*Task details:* All that is wanted is the exact lines from the one with "Школьники узнали, как" through the last line of the entries, with both ends kept and every picture left out.

*Dataset records:*

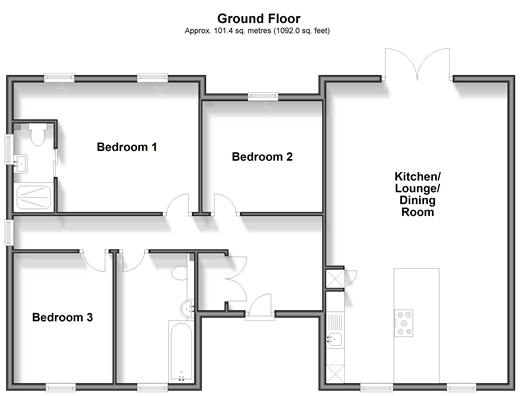Please refer to the footnote regarding the services and appliances. Room sizes:Entrance HallKitchen/Lounge/Dining Room: 27'0 x 16'1 (8.24m x 4.91m)Bathroom: 11'7 x 7'0 (3.53m x 2.14m)Bedroom 1: 16'2 maximum x 11'8 (4.93m x 3.56m)Bedroom 2: 10'6 x 9'11 (3.20m x 3.02m)Bedroom 3: 11'7 x 8'9 (3.53m x 2.67m)Off Road ParkingRear Garden
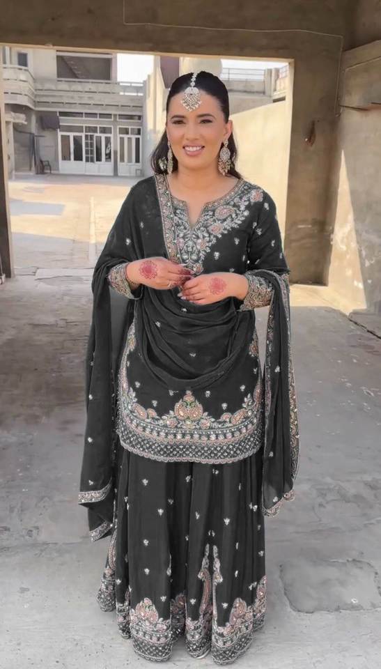 ชุดสูทชาราสำหรับผู้หญิงชุดปาร์ตี้ปากีสถานและอินเดียชุดปักซักได้จากอินเดีย
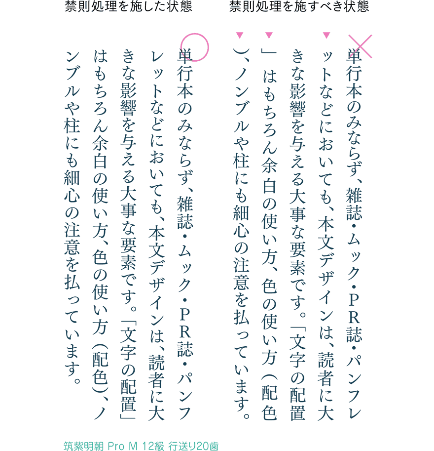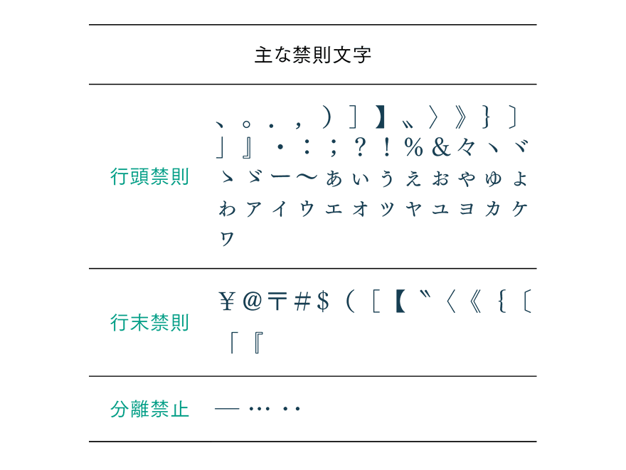 禁則とは、行頭や行末にふさわしくない約物や文字が配置されないように調整すること。「、」や「。」「}」「…」などが行頭にくると、約物本来の「区切る」「括る」「つなぐ」の機能から離れるので、ふさわしくない。また、「っ」や「ゅ」などの拗促音や、「ー」(音引き)も、好ましくないと考えられ、禁則の対象になっている。特に行頭に「ー」(音引き)がくると、横組の場合、書体によっては、漢数字の「一」にも見えるので注意が必要。 「(」などの起こしのかっこ類が行末にくることも禁止されている。「……」などのように同じものを2回続けて使う場合は、分割されないように処理する必要もある。
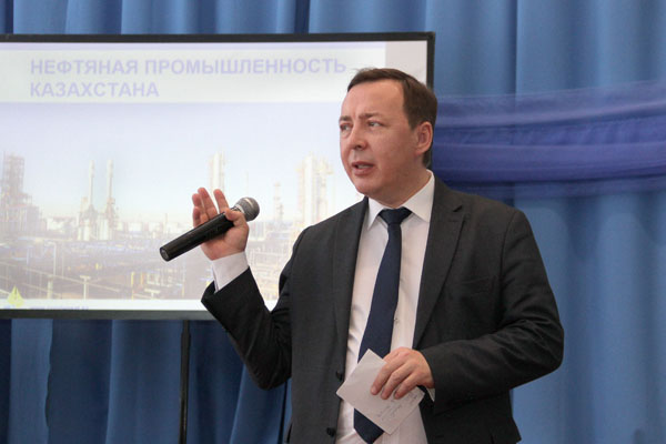Школьники узнали, как проходит сложный процесс добычи и переработки «черного золота», о его свойствах, а также о крупнейших нефтяных месторождениях и НПЗ страны, в числе которых и нефтеперерабатывающий завод АО «Конденсат», единственный в стране производящий бензин класса К5. Основная мысль выступления для школьников оказалась понятной: нефтегазовая отрасль – это огромная наукоемкая и высокотехнологичная индустрия, являющаяся доминантой в развитии Казахстана и приносящая основной доход государству.
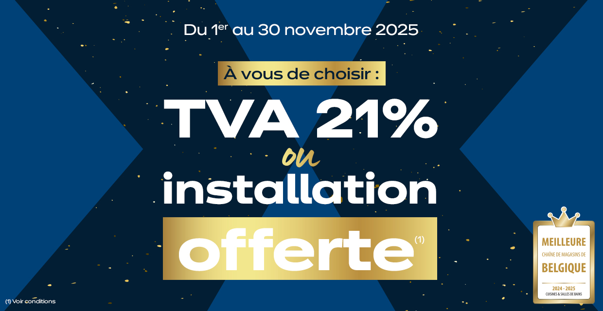 La TVA à 21% offerte sur vos meubles OU l'installation offerte, pour une tranquillité totale (1)
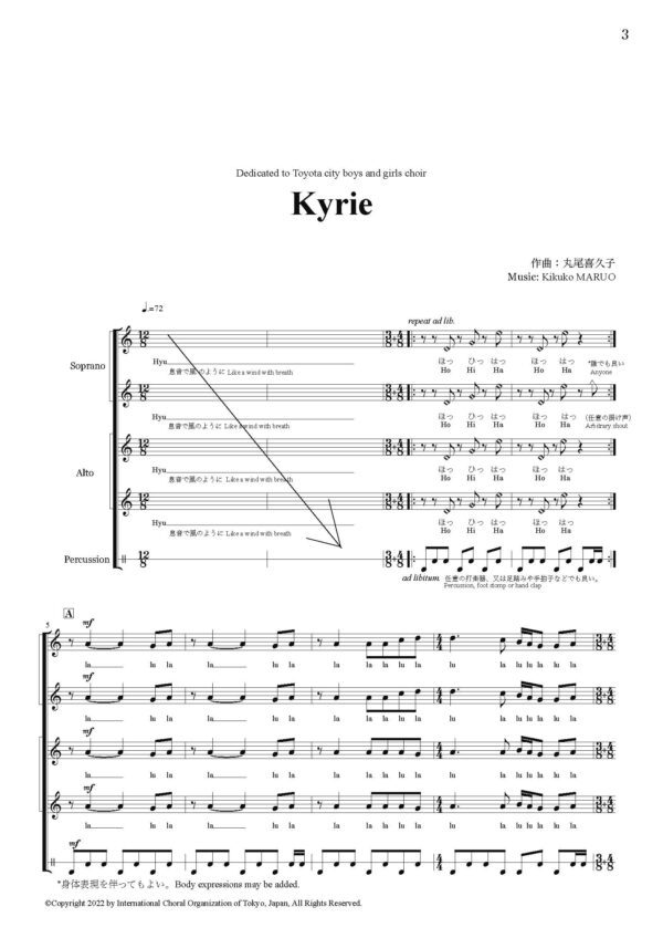 作曲者: 丸尾喜久子 声部: SSAA 伴奏: アカペラ 言語: ラテン語 演奏時間: 3’20” ページ数: 12

*Output of the exercise:*
Школьники узнали, как проходит сложный процесс добычи и переработки «черного золота», о его свойствах, а также о крупнейших нефтяных месторождениях и НПЗ страны, в числе которых и нефтеперерабатывающий завод АО «Конденсат», единственный в стране производящий бензин класса К5. Основная мысль выступления для школьников оказалась понятной: нефтегазовая отрасль – это огромная наукоемкая и высокотехнологичная индустрия, являющаяся доминантой в развитии Казахстана и приносящая основной доход государству.
 La TVA à 21% offerte sur vos meubles OU l'installation offerte, pour une tranquillité totale (1)
 作曲者: 丸尾喜久子 声部: SSAA 伴奏: アカペラ 言語: ラテン語 演奏時間: 3’20” ページ数: 12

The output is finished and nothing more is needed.